The China-brokered thaw between Saudi Arabia and Iran in Beijing on Friday has all the exciting and intriguing features of realpolitik. It was played out on a low key. The Sunni Saudis and Shi’ite Iranians were represented by security officials, who were high but not high enough in the political hierarchy of their respective countries.
Saudi Arabia’s national security adviser Musaed bin Mohammed al-Aiban and Iran’s secretary to the Supreme National Security Council Ali Shamkhani signed a tripartite agreement along with China’s Wang Yi, the former foreign minister who is now politically elevated in the Communist Party and in the government. The talks were held secretly for five days from March 6 to March 10.
Saudi-Iran: Differences Galore
The announcement was limited in nature: restoration of diplomatic relations, setting up of embassies and exchange of ambassadors. This is to be achieved by the foreign ministers of the two countries in a time-frame of less than two months. The joint statement issued by the three acknowledged the role played by Oman and Iraq in hosting talks between Riyadh and Tehran.
So, it is not a surprise as the Friday announcement seemed to be. It was being worked out. And it made sense that the two big countries in West Asia/Middle East should be sorting out their issues because despite their differing worldviews and economic strengths and international influence, and on these three accounts Iran is seen as a formidable player, the issue on which they broke their diplomatic ties in 2016 was an embarrassingly small one in strategic terms.
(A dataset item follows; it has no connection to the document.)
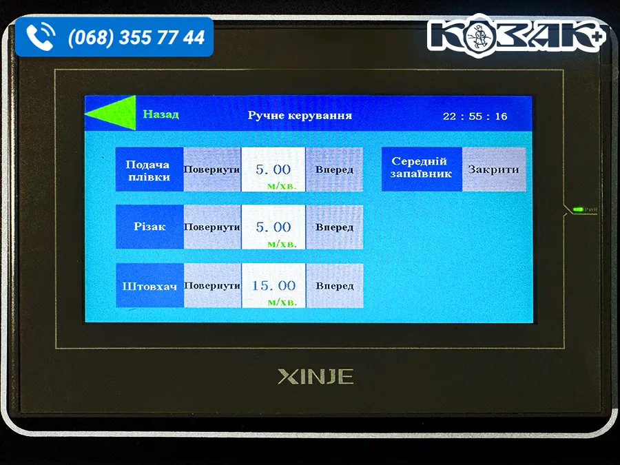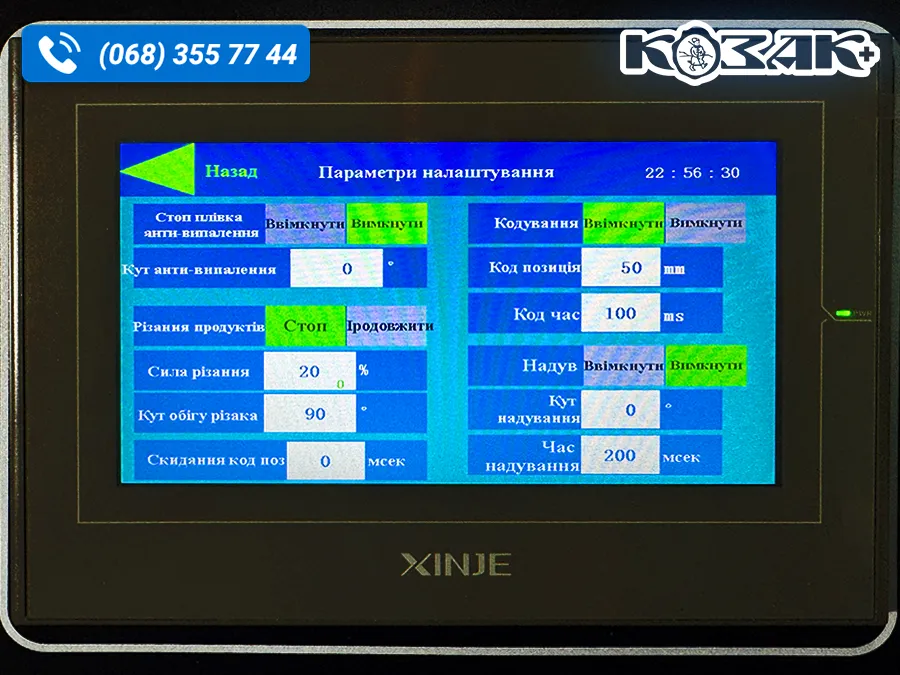 - Зупинка машини в обраному положенні, без застрягання різака і без втрати плівки.

Saudi Arabia had executed a Shia cleric and protestors in Iran stormed the Saudi diplomatic offices in Tehran. The two governments should have handled it with greater restraint. If it had been over major differences, and there are quite many between the two, including Iran’s support for Houthi rebels in Yemen, for the Hezbollah faction in Lebanon, its backing of Bashar al-Asad government in Syria, and the barely-concealed role Tehran plays in supporting the Shi’ite political parties in Iraq. Israel and the US oppose Hezbollah and Assad vehemently, and the US has been working unsuccessfully for a regime change in Damascus.
On Talking Terms, But
Saudi Arabia and Iran would continue to be rivals in West Asia because Saudi Arabia considers itself the leader of the Arab countries in the Gulf and in North Africa because of the prestige it enjoys as home of Islam’s sacred places, Makka and Madina, apart from its economic clout derived from the largest oil resources in the world.
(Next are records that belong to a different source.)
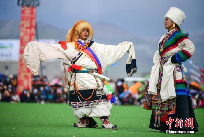 資料圖為西藏自治區(qū)拉薩市當雄縣賽馬節(jié)上的藏族傳統(tǒng)服飾表演。 中新社記者 貢嘎來松 攝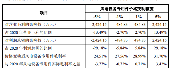 从上述敏感性分析可以看出,风电设备专用件销售价格变动对发行人利润总 额的影响较大。如果风电设备专用件销售价格上升或下降1%、5%,发行人2020 年营业毛利将增加或减少2.70%、13.49%;发行人2020年利润总额将增加或减少 5.84%、29.18%。如果风电设备专用件销售价格上升或下降1%,发行人2020年风 电设备专用件毛利率将提高0.71个百分点或减少0.72个百分点;如果风电设备专 用件销售价格上升或下降5%,发行人2020年风电设备专用件毛利率将提高3.42 个百分点或减少3.77个百分点。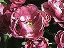 八重咲きは花だけ見るとシャクヤクのようですが、これもれっきとしたチューリップです。 雄しべが花弁に変化してこんなに花弁が多くなりました。 チューリップはシンプルが売り物なのに、八重咲きなんてチューリップらしくないといわれるかもしれませんが、私には、 チューリップ自らが作った芸術品のように思われます。八重のチューリップを30本ほど白い陶器の花瓶に入れたらさぞかし豪華でしょうね。 |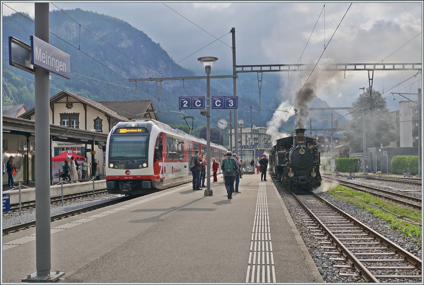 Endlich wieder einmal ein "echter" Brünig-Bahn-Zug in Meiringen! Die SBB HGe 4/4 I N° 1992 "Giswil" erreicht mit ihrem Extrazug zum Jubiläum "20 Jahre Zentralbahn" den Bahnhof von Meiringen.

Iran’s claims to leadership is based on its sophisticated Islamic past as an intellectual leader and its strategic location, bordering the Arabian/Persian Gulf on its southern flank and the Central Asian republics and Russia in the north. However, neither Saudi Arabia nor Iran are the undisputed leaders in the region.
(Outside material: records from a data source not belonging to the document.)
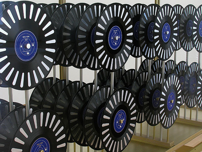 New York–New York: The Influence Isolators in the Record Vitrine, brass, aluminum and Bakelite, 72 x 24 x 66 in., 48 specially prepared records comprise this audio archive. 1994–2003.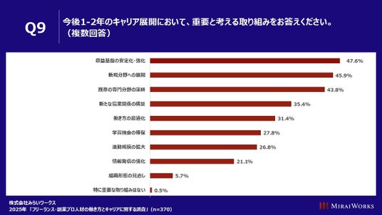 「今後1-2年のキャリア展開において、重要と考える取り組みをお答えください」(n=370)と質問したところ、「収益基盤の安定化・強化」47.6%、「新規分野への展開」45.9%、「既存の専門分野の深耕」43.8%などがあげられた。
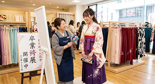 私たち「きものと帯 ふく屋」は、130年以上の歴史の中で、いわき市の多くの門出をお手伝いしてきました。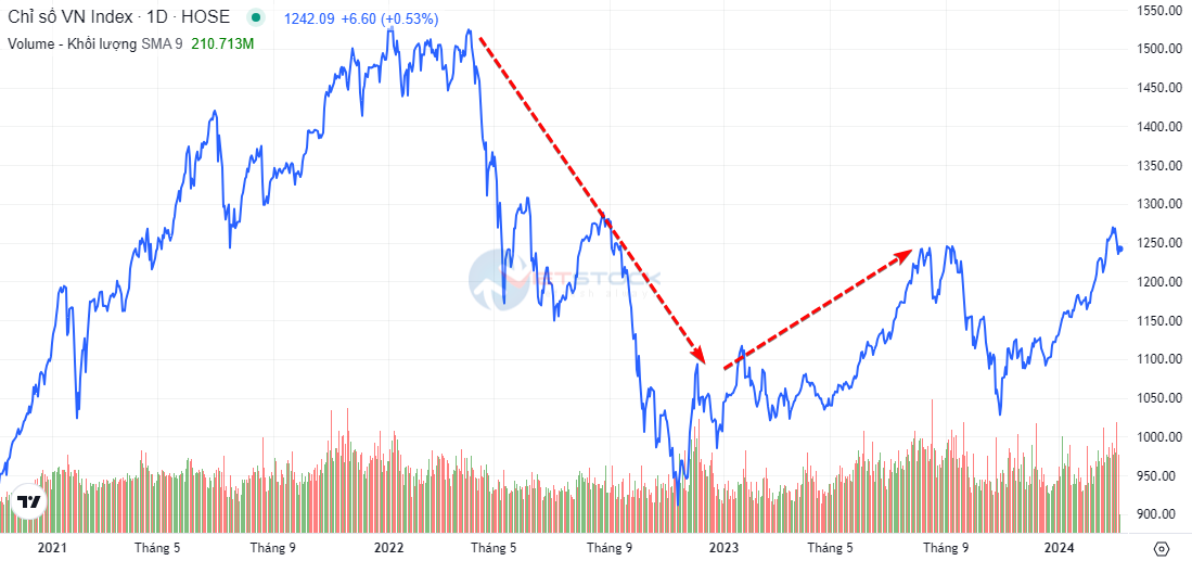 Cho đến đầu năm 2023 thì chỉ số có xu hướng giảm. Đến tháng 08 và 09/2023 thì chỉ số tăng trở lại. Và từ tháng 10 trở đi thì chỉ số có xu hướng giảm tới cuối năm.

The 22-country Arab League is quite fractious and they pull in different directions. Iran is big but not big enough to lead a hypothetical Islamic bloc because of the sheer diversity of the Muslims countries spread from Malaysia and Indonesia in south-east Asia, Bangladesh and Pakistan in south Asia, and Egypt, Tunisia, Algeria and Morocco in north Africa.
The Organisation of Islamic Cooperation (OIC) is a loose association without political and strategic power. The OIC does not have the cohesion of either the European Union (EU) or that of NATO.
Tripartite Power Rivalry
The regional scenario is complicated by the presence of Israel, and the American strategic and economic interests in the Gulf countries. The Americans have brought Israel into the Gulf Arab orbit through what is known as Abrahamic Accords, as the United Arab Emirates and Bahrain set up diplomatic relations with Israel.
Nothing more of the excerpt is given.